Matching subscriptions: Ubuntu 16.04 Bugs
https://bugs.launchpad.net/bugs/1772675

Title:
  i40e PF reset due to incorrect MDD event

Status in linux package in Ubuntu:
  Fix Released
Status in linux source package in Xenial:
  Fix Committed
Status in linux source package in Bionic:
  Fix Released
Status in linux source package in Cosmic:
  Won't Fix

Bug description:
  [Impact]
  The i40e driver sometimes causes a "malicious device" event that the firmware detects, which causes the firmware to reset the NIC, causing an interruption in the network connection - which can cause further problems, e.g. if the interface is in a bond; the reset will at least cause a temporary interruption in network traffic.

  [Fix]
  In the case of MDD events issued for the PF, they are usually the result of a misconfigured TX descriptor and not due to "bad" actions in the VFs.
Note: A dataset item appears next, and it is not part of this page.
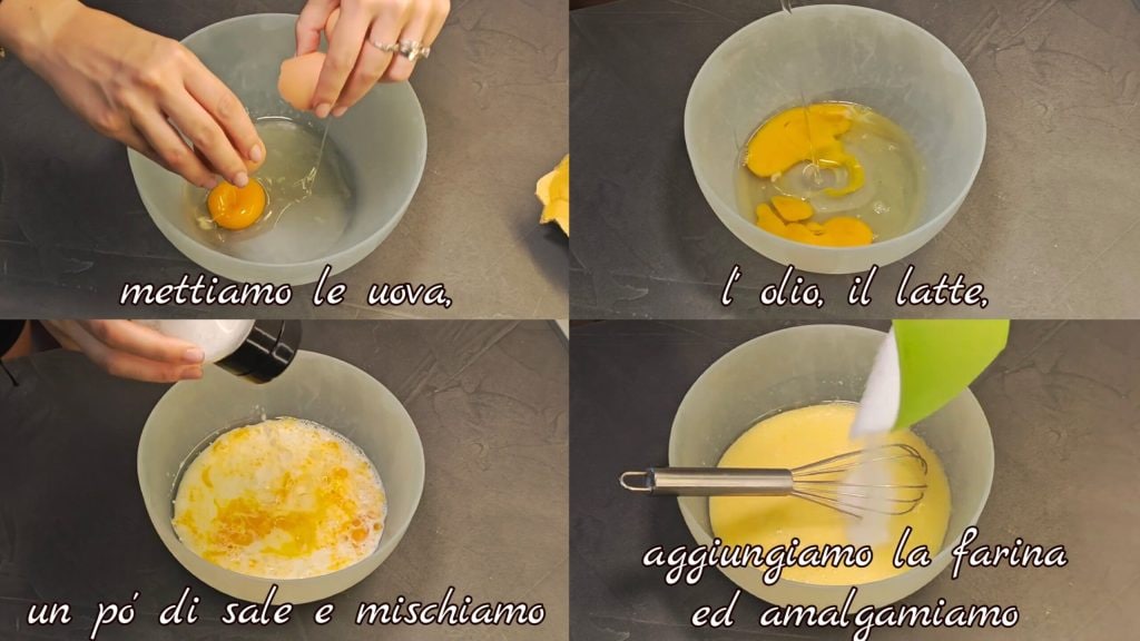 Colocamos os ovos, o óleo, o leite, um pouco de sal e misturamos. Adicionamos a farinha e mexemos para evitar a formação de grumos.

We don't need to issue a reset to the whole NIC, TX hang checks should handle those if necessary.

  [Test Procedure]
  The bug is unfortunately difficult to reproduce, as there's no detailed documentation on how the i40e firmware detects and raises MDDs. We have seen reports of this happening in Xenial and Bionic, for workloads stressing i40e bonds in LACP mode.
  Reproducing is easily detected, as the network traffic will be interrupted and the system logs will contain a message like:
  i40e 0000:02:00.1: TX driver issue detected, PF reset issued

  An alternative test procedure makes use of the kprobes attached to the LP bug. The test setup is as follows:
  - Create 2 VFs on primary NIC
  - Passthrough VF 1 to a Bionic VM
  - Start iperf3 client on VM, going through i40evf interface
  - Start another iperf3 client on host, going through i40e interface
  Both iperf3 clients should be using an external server located on a separate host. By loading the kprobe module while iperf3 is running, we should be able to raise MDDs more consistently. MDD behaviour can change according to firmware version, so we may need to try with different sets of probes. The one with the most consistent results seems to be 'corrupt_tx_desc_addr', which corrupts the cmd_type_offset_bsz field of the last TX descriptor before the NIC is notified of new data.

  [Regression Potential]
  Since we're removing resets for the NIC, regressions could show up as issues in connectivity after the MDD events are raised. If the firmware expects the whole NIC to reset, we could see TX/RX hangs and general unresponsiveness in networking. The potential for this should however be fairly low, as this patch has been present since kernel 5.2 and hasn't seen any fixes or regressions upstream. Basic smoke tests also showed that the driver continues working as expected, and that necessary PF resets will be issued by the netdev watchdog in case of any hung queues.

  ==
  [original description]

  This is a continuation from bug 1713553 and then bug 1723127; a patch
  was added in the first bug and then the second bug, to attempt to fix
  this, and it may have helped reduce the issue but appears not to have
  fixed it, based on more reports.

  See bug 1713553 and bug 1723127 for more details.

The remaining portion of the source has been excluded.